### Information provided
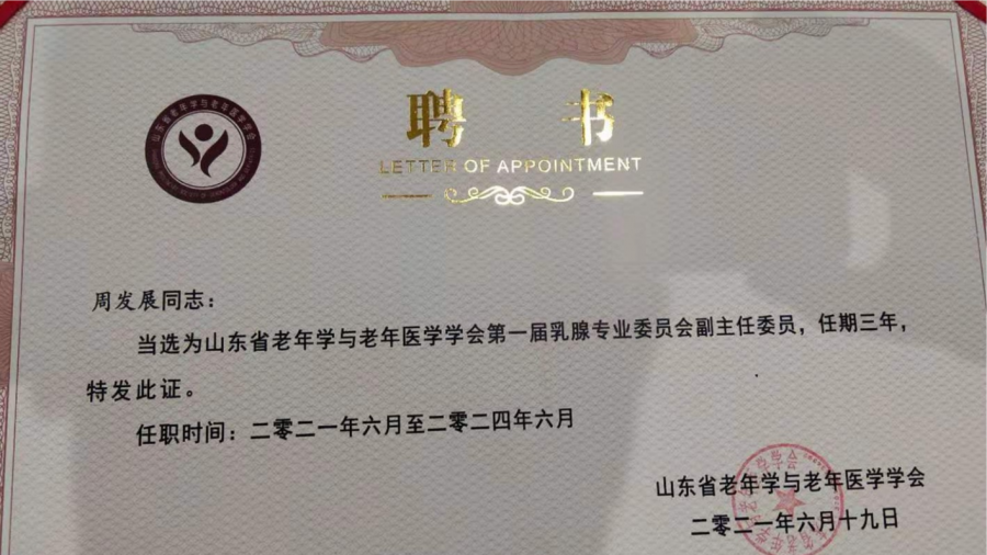 会议前一天,山东省老年医学会乳腺专业委员会选举产生,济南复大肿瘤医院周发展院长当选副主委。
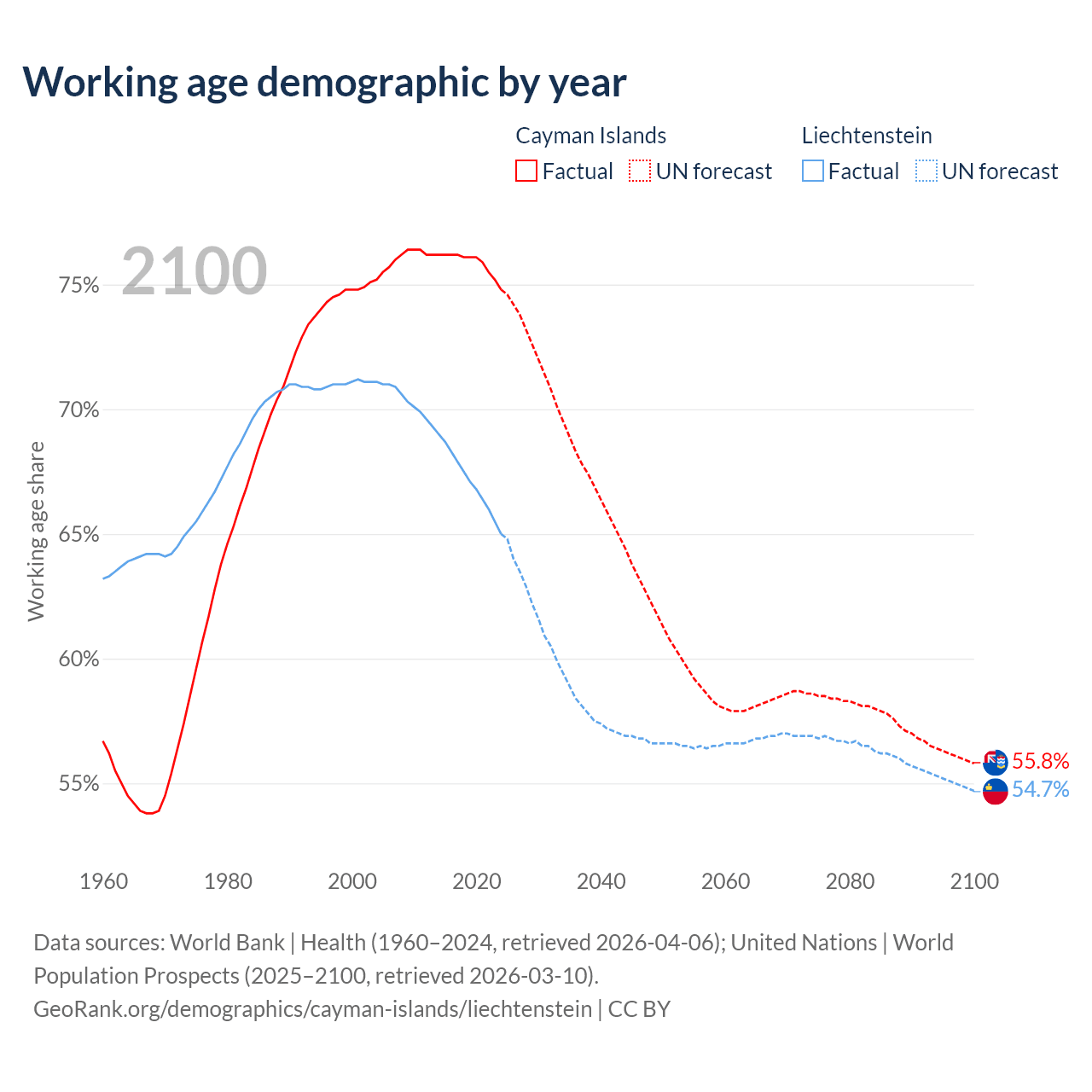 - The Cayman Islands has 58.1K working age adults (aged 15-64) vs 26.7K in Liechtenstein.
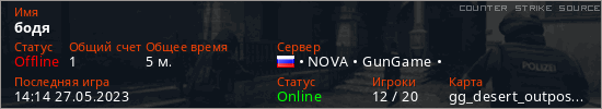 Играет на Counter Strike Source сервере. Страна: РоссияПервый раз замечен 13:43 27.05.2023
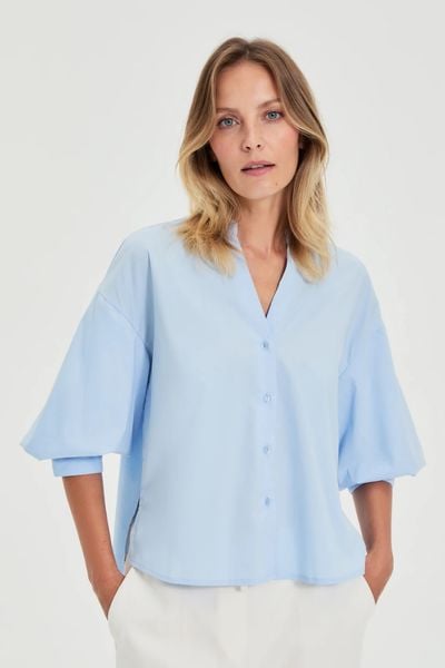 Koszula z bufiastymi rękawami błękitna

### Assignment
Would you restate the listing word for word without its pictures?

### Result
 会议前一天,山东省老年医学会乳腺专业委员会选举产生,济南复大肿瘤医院周发展院长当选副主委。
 - The Cayman Islands has 58.1K working age adults (aged 15-64) vs 26.7K in Liechtenstein.
 Играет на Counter Strike Source сервере. Страна: РоссияПервый раз замечен 13:43 27.05.2023
 Koszula z bufiastymi rękawami błękitna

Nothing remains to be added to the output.